Considérant ce qui suit

 : 1. Aux termes de l'article L. 521-1 du code de justice administrative : " Quand une décision administrative, même de rejet, fait l'objet d'une requête en annulation ou en réformation, le juge des référés, saisi d'une demande en ce sens, peut ordonner la suspension de l'exécution de cette décision, ou de certains de ses effets, lorsque l'urgence le justifie et qu'il est fait état d'un moyen propre à créer, en l'état de l'instruction, un doute sérieux quant à la légalité de la décision. ".

2. La société Avicenne ambulances demande au juge des référés de suspendre l'exécution de l'arrêté du 18 mars 2025 par lequel la directrice de l'agence régionale de santé Auvergne-Rhône-Alpes a prononcé le retrait temporaire de son agrément, pour une durée de deux mois à compter du 27 mai 2025.

3. D'une part, l'urgence justifie que soit prononcée la suspension d'un acte administratif lorsque l'exécution de celui-ci porte atteinte, de manière suffisamment grave et immédiate, à un intérêt public, à la situation du requérant ou aux intérêts qu'il entend défendre. Il appartient au juge des référés d'apprécier concrètement, compte tenu des justifications fournies par le requérant, si les effets de l'acte litigieux sont de nature à caractériser une urgence justifiant que, sans attendre le jugement de la requête au fond, l'exécution de la décision soit suspendue. L'urgence doit être appréciée objectivement et compte tenu de l'ensemble des circonstances de l'espèce.

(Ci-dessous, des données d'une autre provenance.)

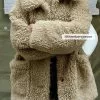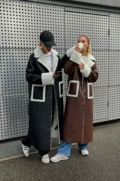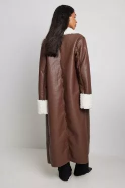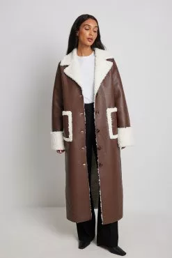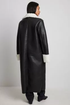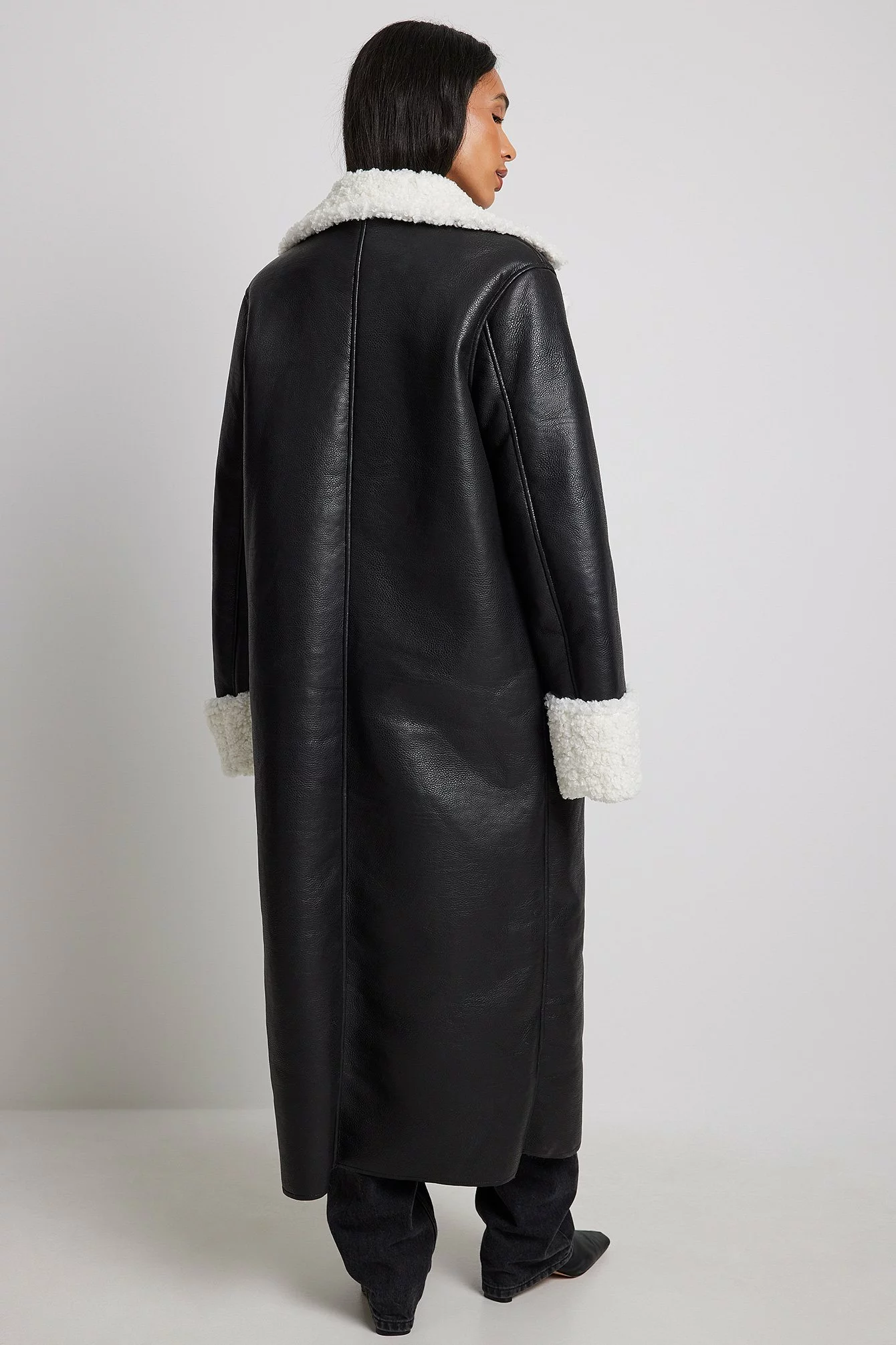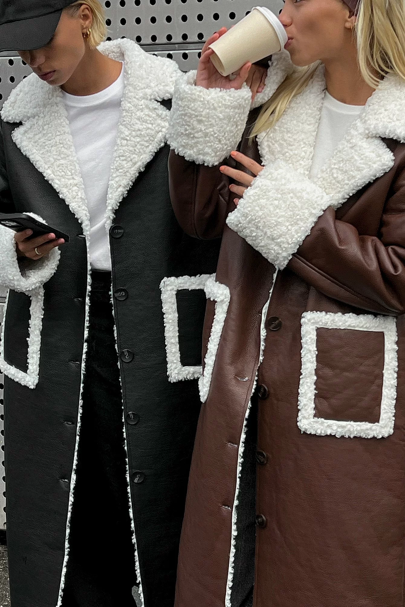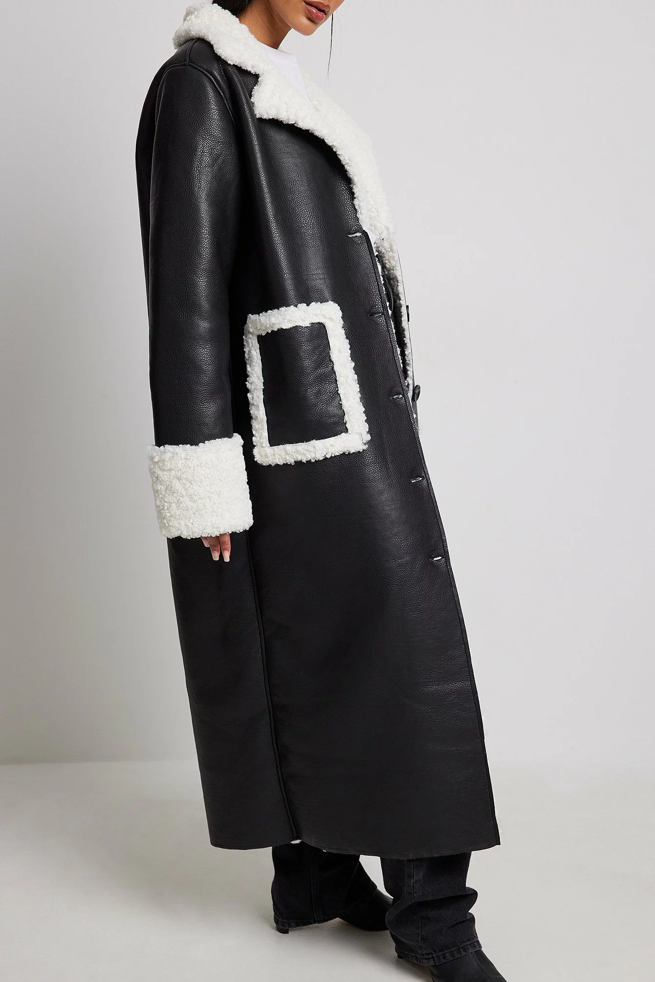 This coat is made of PU and features a lapel neckline, long sleeves, front pockets, a button closure, teddy details and a teddy lining.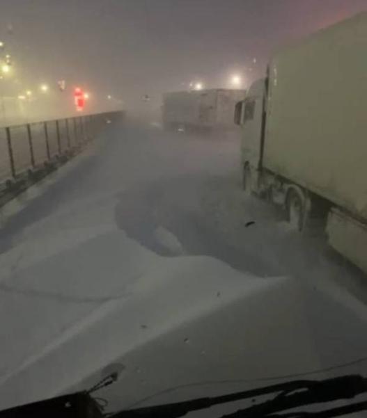 Многие автомобилисты продолжают стоять в пробке уже больше 20 часов. Водители фур пускают к себе погреться владельцев легковушек, а жители окрестностей зовут в гости переночевать.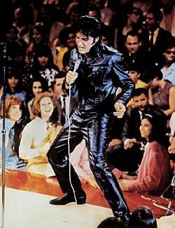 12.HE'S BACK: A black leather-clad Elvis heats up the small screen in his famous February 1968 NBC special, widely known as his "comeback" show.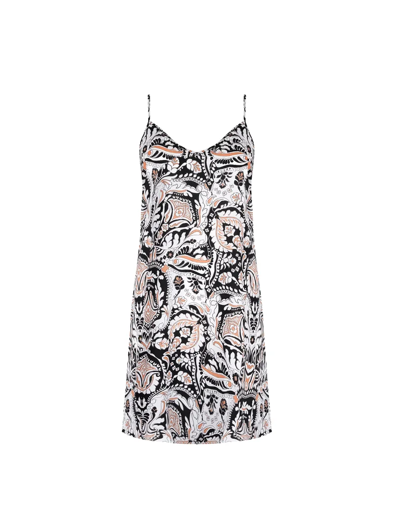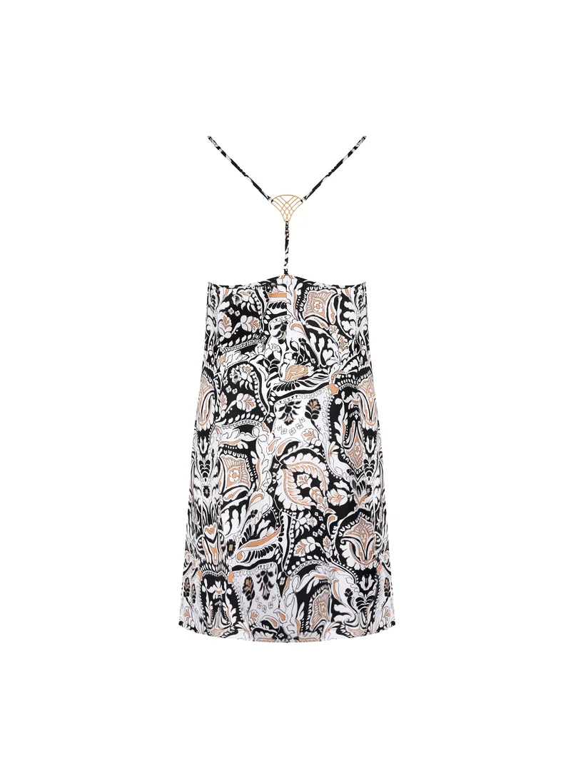 Confectionnée dans un tissu luxueux, doux et fluide au toucher, cette robe sublime la silhouette avec grâce et raffinement. Sa taille cintrée flatte les courbes naturelles tout en assurant un confort optimal. De fines bretelles ajustables offrent un maintien discret et un ajustement personnalisé. Conçue pour une discrétion élégante par-dessus le maillot de bain, elle se superpose harmonieusement tout en conservant une silhouette épurée. L’imprimé Reve Eclat apporte une touche artistique vibrante et une sophistication contemporaine à votre garde-robe de vacances. Légère et polyvalente, elle se porte aussi bien à la plage qu’en terrasse le soir venu. Idéale pour des escapades romantiques en bord de mer et des soirées élégantes.
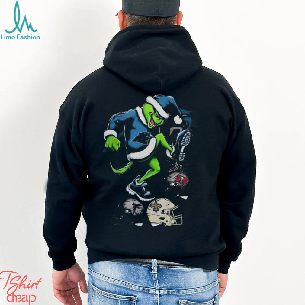 Panthers Shop The Grinch Carolina Panthers Stomp On NFL Teams Christmas T Shirt hoodie, tank top, sweater and long sleeve t-shirt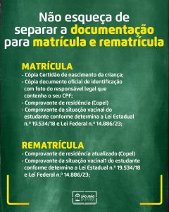 - Comprovante da situação vacinal do estudante, conforme a Lei Estadual nº 19.534/18 e Lei Federal nº 14.886/23.
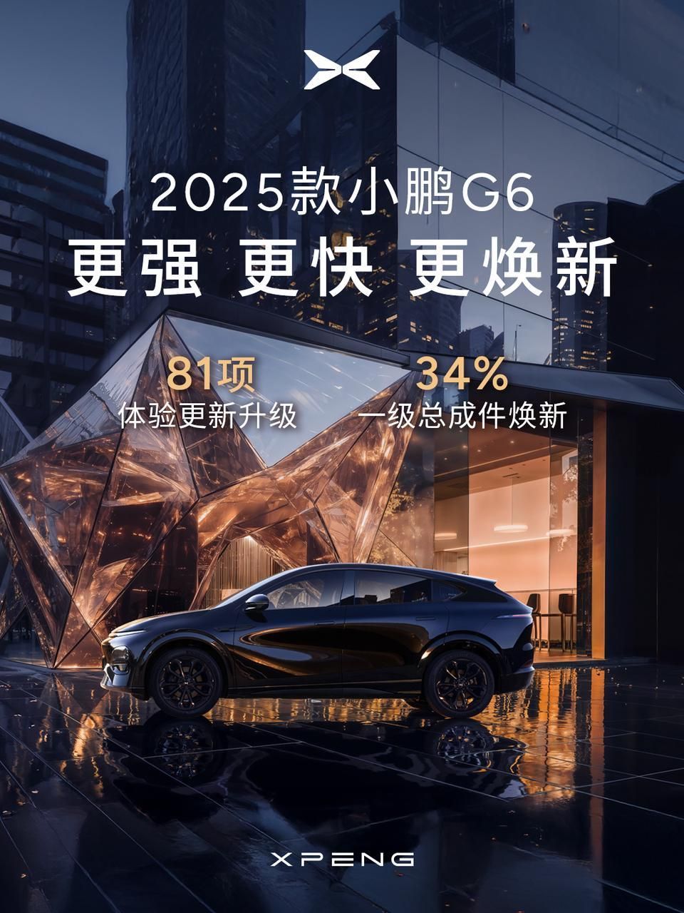 不是一次年度改款,而是越级换代!凭借惊艳外观,舒适配置、智能科技、最大空间等核心产品力,2025款小鹏G6,必然成为开年后掀起行业新风的又一款爆款。2025款小鹏G6展车现已陆续进入全国214城超500店,即日起正式开启品鉴。敬请期待3月上旬的上市,届时将揭晓更多技术亮点!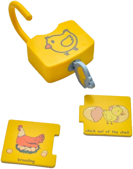 Setul de joaca faciliteaza invatarea si exersarea deprinderilor de a incuia sau descuia si de a asocia imagini.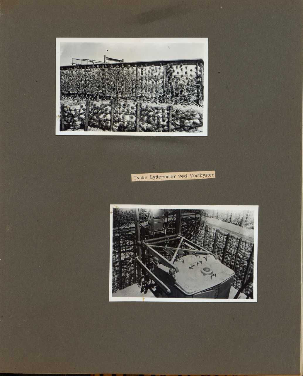 Enkeltside fra album med diverse købte serie-fotos fra besættelsen, med udklippede tekster.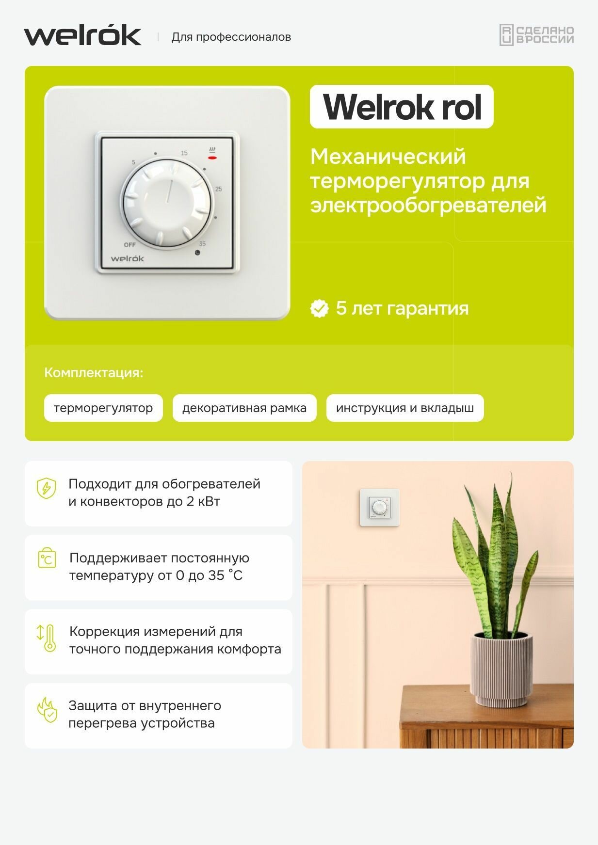 Терморегулятор WELROK ROL(16 А, 3 кВт) белый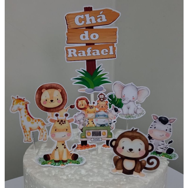 Topo de bolo personalizado para chá de bebê / aniversário ou mesversario Tema Safari / Toppers de bolo/ Decoração / Festa em casa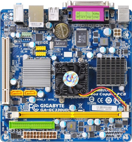 Gigabyte heeft de laatste hand gelegd aan een mini-ITX moederbord met de Atom 330 dualcore processor. Het bordje gaat door het leven als de GA-GC330UD en is voorzien van de standaard Intel Atom uitrusting. De Atom 330 processor werkt op 1,6 GHz en beschikt over 512 KB cachegeheugen per core. De zuinige dualcore wordt gekoppeld aan de oude bekende 945GC chipset, die schuilgaat onder de grootste heatsink met ventilator.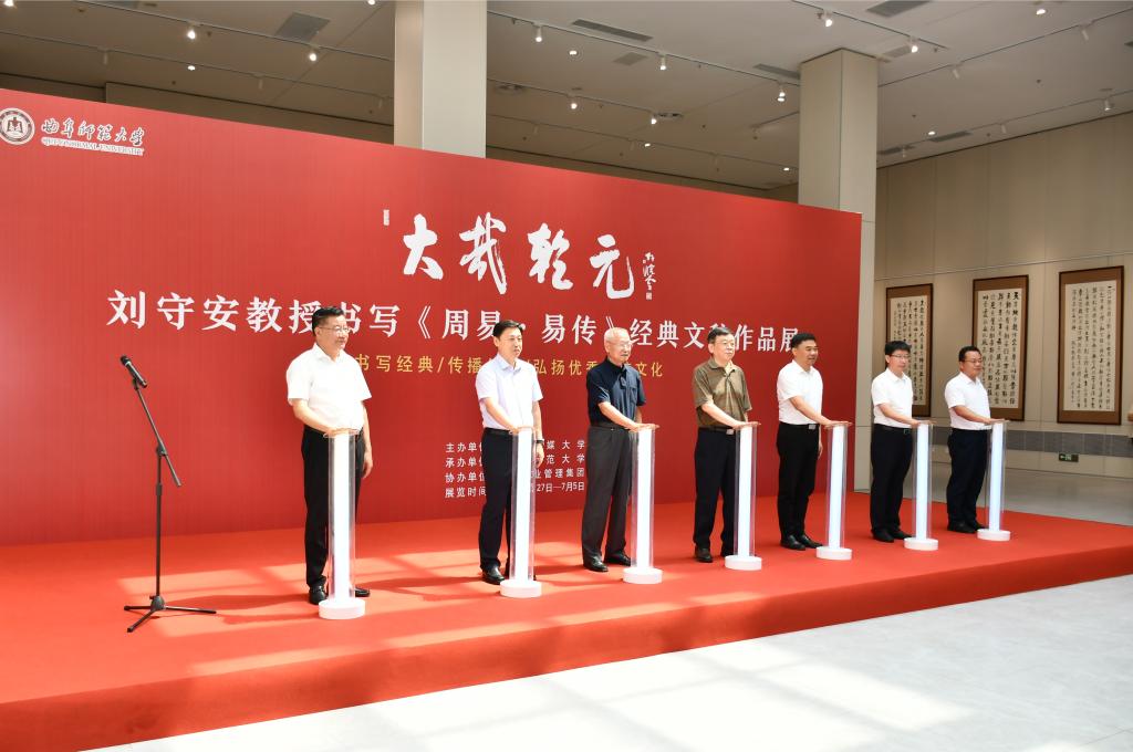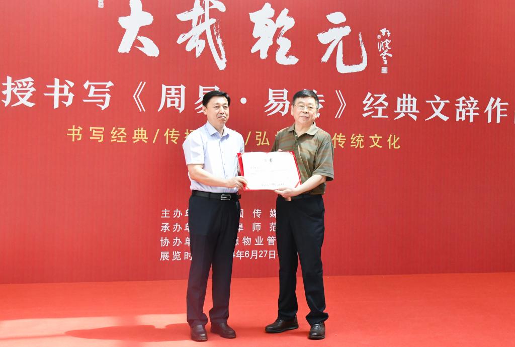 曲阜师大党委宣传部讯 丹青溢彩,翰墨飘香。6月27日,“大哉乾元—刘守安教授书写《周易·易传》经典文辞作品展”在玩球通中国有限公司官网隆重举行。中国传媒大学书写文化研究中心主任、博士生导师刘守安教授及夫人王甦英女士出席活动,曲阜师大党委书记邢光在活动中致辞,党委副书记、校长张洪海为刘守安教授颁发“玩球通中国有限公司官网美术与书法学科学术顾问”聘书,党委常委、副校长陈刚出席活动,党委常委、副校长纪洪涛主持活动。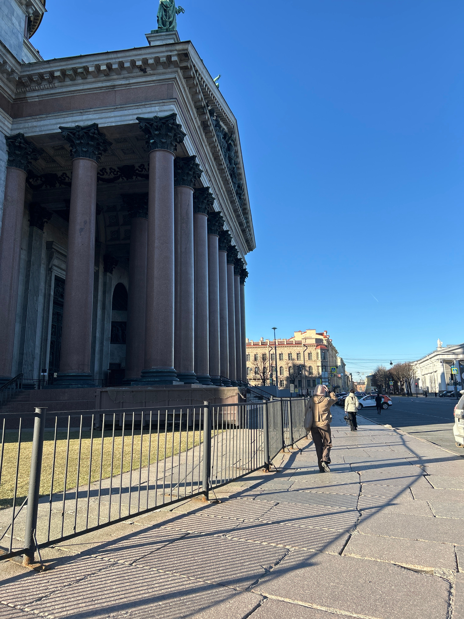 The image depicts a view of St. Isaac's Cathedral in St. Petersburg, Russia. The cathedral's imposing columns are visible on the left side of the frame, extending vertically towards the clear blue sky…read more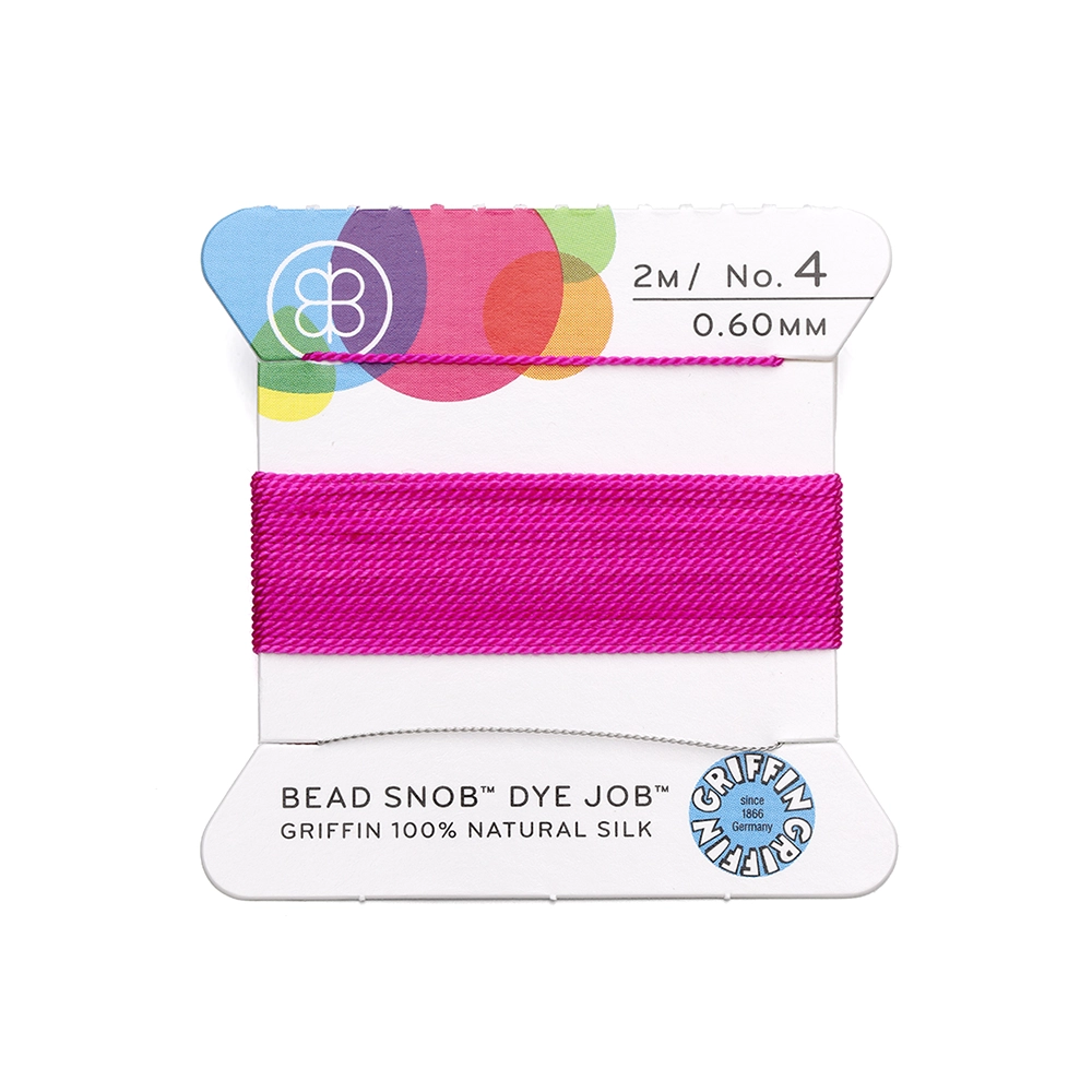 Griffin Silk Thread Size 4 Hand Dyed Neon Pink 2m/card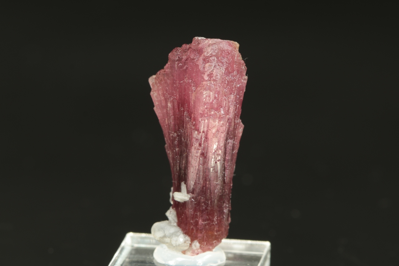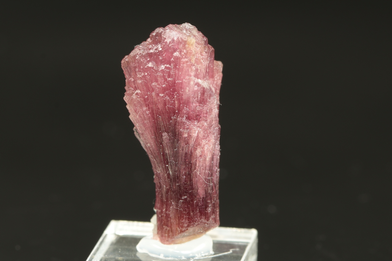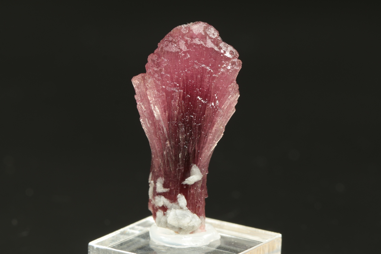 Krystal červeného, tzv. houbového turmalínu s vějířovitě narostlým vrškem krystalu.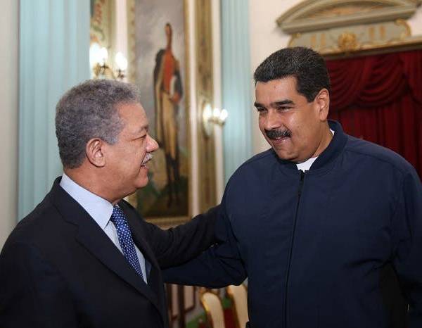 El canal estatal VTV transmitió imágenes del exgobernante dominicano entrando al palacio presidencial de Miraflores escoltado por la canciller, Delcy Rodríguez, y por su hermano, el alcalde del municipio caraqueño de Libertador, Jorge Rodríguez.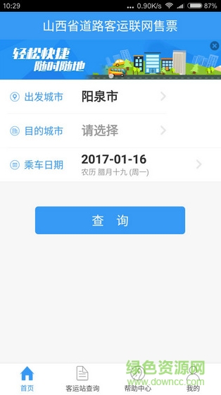 山西客运联网售票app是一款非常专业售票软件,这款软件能为用户提供各种特色的售票功能哦,并且还有各种便携的服务,让你随时随意不怕抢不到票哦,感兴趣的朋友赶紧来绿色资源网下载体验吧!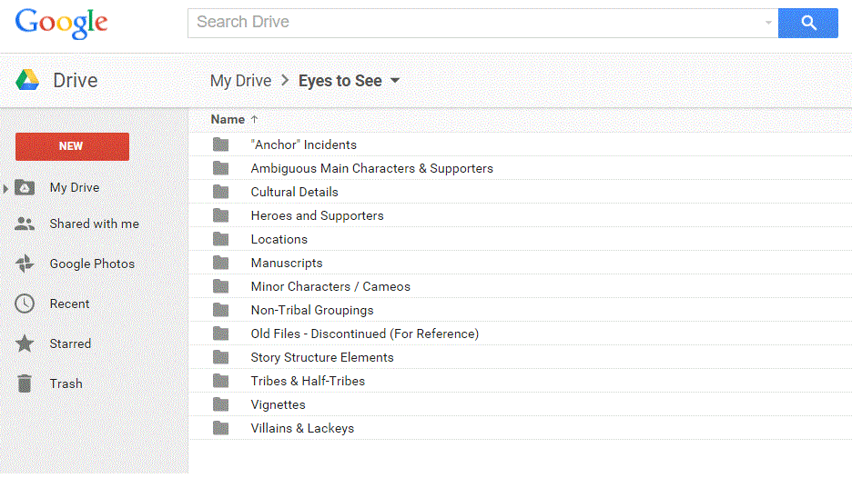 It is not without reason that I have been absent from this forum since October. I have resumed a project that had stymied me a few years ago. I figured out what was its problem: it could not be one novel. In fact, it has turned into four novels that cover essentially the same events from different points of view. As one might imagine, this is taking a very, very long time to work out in practical terms. The specific difficulty may be stated thus: in order to write any one of these books, one must know what happens in the other three– in short, the process for developing one story expands fourfold, because none of these characters goes to exactly the same places as the others, knows exactly the same set of people as the others, etc. At the same time, there is so much overlap that they must all be handled simultaneously. I have files… oh, I have files… I’ll show you level 1 of my files. If you want a sense of the scope of this project, just count the files in this screen shot, and multiply it by six.

4. Pour justifier que la décision en litige porte une atteinte grave et immédiate à sa situation, la société Avicenne ambulances fait valoir que la mesure en litige la privera d'un chiffre d'affaires pouvant être estimé à environ 110 000 euros sur la période, selon les estimations qui peuvent être faites à partie de son activité sur la période correspondante lors des années passées, et elle soutient qu'en raison de cette perte d'activité, elle ne sera pas en mesure de couvrir ses charges, et notamment le paiement des rémunérations de ses sept salariés, de sorte qu'elle serait certainement contrainte de les licencier ou même de cesser son activité. Il résulte des comptes de résultat produits par la requérante et du tableau certifié par son expert-comptable que la société, sur cette période de deux mois, doit faire face à des charges évaluées à plus de 100 000 euros, notamment la location de ses locaux et charges locatives à hauteur d'environ 10 000 euros, le remboursement des crédits baux des véhicules, pour un montant d'environ 7 600 euros, le paiement des assurances à concurrence de 4 058 euros, tandis que la rémunération des salariés sur cette période devait représenter un montant supérieur à 46 000 euros. Par ailleurs, il résulte de l'instruction que la situation de la société reste fragile puisque, si elle a pu réaliser en 2024 un bénéfice de 13 731,72 euros, ce n'est que du fait que son gérant a renoncé à sa rémunération pendant environ un tiers de l'année. Dans ces conditions, et alors en outre que la société Avicenne ambulances fait valoir que la décision pourrait rompre ses liens avec une partie des patients qu'elle véhicule, la requérante démontre suffisamment que la mesure en litige, qui entraine sa cessation d'activité pendant une période de deux mois, est de nature à porter une atteinte suffisamment grave et immédiate à sa situation, pour que la situation d'urgence, au sens des dispositions de l'article L. 521-1 du code de justice administrative, soit regardée comme remplie.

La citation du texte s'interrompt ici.